At club level Mulhall plays with the St Martin's club.

==Playing career==
===Minor and under-21===

Mulhall first tasted success on the inter-county scene as a member of the Kilkenny minor hurling team in 2006. That year he won a Leinster winners' medal following a crushing 4-22 to 1-5 defeat of Carlow. Kilkenny were later defeated in the All-Ireland semi-final.

By 2008 Mulhall was entering his second season as a member of the Kilkenny under-21 team. He won a Leinster winners' medal in that grade as Kilkenny trounced Offaly by 2-21 to 2-9. Mulhall later won an All-Ireland winners' medal following a 2-13 to 0-15 defeat of Tipperary.

Kilkenny retained their Leinster title in 2009 following a 2-20 to 1-19 defeat of Dublin. A second All-Ireland final appearance for Mulhall soon followed, with Clare providing the opposition. A close game developed, however, Mulhall ended up on the losing side by just a single point.

===Senior===

Mulhall made his debut for the Kilkenny senior team during the 2010 National League and became a regular substitute during the subsequent championship campaign. He won his first Leinster winners' medal that year when he came on as a late sub in the 1-19 to 1-12 defeat of Galway. Kilkenny subsequently qualified for an All-Ireland final showdown with Tipperary and the chance to make history by claiming a fifth successive championship. Mulhall was introduced as a substitute for T. J. Reid, his point from near the sideline and over his shoulder in the 67th minute was one of the finest scores in the 2010 championship however, Kilkenny failed in their 'drive for five' attempt as Tipperary won by 4-17 to 1-18.
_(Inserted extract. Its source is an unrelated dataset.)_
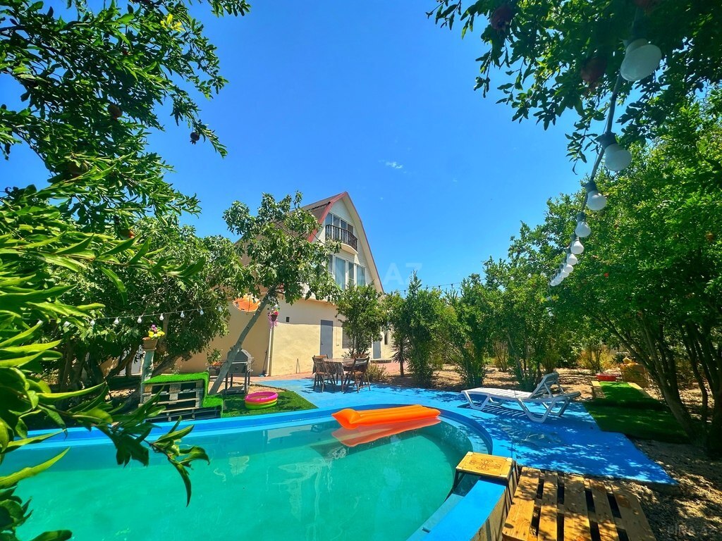 Xezer rayonu Merdekan qes çox prestijni bir ərazidə Bravo Qala yolu 4 sot torpaq sahesinde 1 mertebeli 115 kvm bag evi satılir. holl ,1 zalstudiometbext , 3 yataq otagi,2 sanuzeli movcuddur.Heyetinde hovuz, manqalni ,yay qiw cambalkonlu ,bisetka , sanuzeli ,dekorativ ağaclar , distansiyonu qapisi var. Qazi ,işığı ,suyu daimidir.Sendler tam qaydasındadır.( Kupça)

In 2011 Mulhall failed to break onto the Kilkenny starting fifteen once again, however, he remained a very important fringe player. He came on as a substitute in the National League final, on a day when Dublin shocked Kilkenny and won by 0-22 to 1-7. Mulhall later secured a second Leinster winners' medal following a 4-17 to 1-15 defeat of Dublin. He later came on as a substitute in All-Ireland final against Tipperary. Kilkenny started quickly and never surrendered the lead in the 2-17 to 1-16 victory. It was Mulhall's first All-Ireland winners' medal.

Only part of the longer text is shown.